WE’RE NOT GONNA TAKE IT: The American Bar Association responds to attacks on the judiciary

American Bar Association stands up to the assault on the judiciaryI have made the case here in the past that attorneys and mediators should be supportive of the work that each does and recognize the value that each profession brings to those who are in conflict. There is overlap after all between these professions: there are attorneys who are mediators, and mediators who conduct their work in court-connected dispute resolution programs. Mediators routinely refer clients to attorneys when clients need legal advice to make informed decisions; and attorneys often refer clients to mediators to narrow issues and expedite resolution. Our relationship is often a symbiotic one. We should be allies wherever possible, not distrustful competitors.

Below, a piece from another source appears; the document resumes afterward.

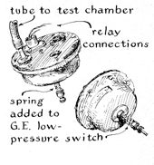 "Air pressure in the chamber is reduced by a refrigerator compressor modified to operate as a vacuum pump [see "The Amateur Scientist," March, 1960]. For manual control the pump is switched on and off when necessary. A valve between the pump and the chamber controls the pumping rate "At simulated altitudes of up to 15,000 feet the pressure can be controlled automatically by a sensitive pressure switch that operates the vacuum pump through a relay salvaged from an automatic record player. The pressure switch is a modified General Electric Type J-1 that employs a bellows for sensing pressure differences. Low pressure is applied to the inside of the bellows, high pressure to the outside. The switch closes when the pressure inside the bellows differs from that on the outside by an amount equivalent to a column of mercury eight millimeters high. "The pressure inside the chamber at an altitude equivalent to that of the atmosphere at 10,000 feet differs from the pressure at sea level by approximately 23 centimeters of mercury. To adapt the switch to this higher pressure I added a helical compression spring that acts against one side of the bellows to oppose the pressure exerted by the atmosphere [see Figure 5]. The opposite end of the spring is seated against a screw for adjusting the pressure exerted by the spring against the bellows. By altering the setting of the screw the switch can be regulated to operate at any chamber pressure through the range from 400 to 760 millimeters of mercury, equivalent to altitudes ranging from sea level to 15,000 feet. "The concentration of carbon dioxide in the chamber is controlled by circulating a portion of the air inside the chamber through sodium hydroxide. Similarly, the concentration of water vapor is controlled by circulating the same portion of air through calcium chloride. The filtering unit that contains these chemicals consists of a 24-inch length of l 1/2-inch, thin-walled electrical conduit plugged at the ends by rubber stoppers perforated for hose connections. Air entering the top of the filter passes through the chemicals and returns from the bottom to the environmental chamber.
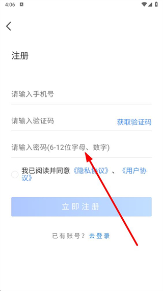 4、在注册页面,输入手机号、验证码和密码,勾选相关协议后,点击立即注册即可完成账号注册。

Towards that end, I invite my ADR colleagues to consider for a moment the present crisis that members of the bar and the judiciary face and to take a look at what the American Bar Association has done to raise public awareness and address this challenge.

As regular readers of this blog know, I am no fan of tort reform or of the use of ADR to limit access to the courts. Those who have suffered a wrong or loss should be able to choose among any number of mechanisms for resolving disputes—not just the array of processes that constitute alternative dispute resolution, but also litigation which includes the full panoply of remedies traditionally available under law and equity.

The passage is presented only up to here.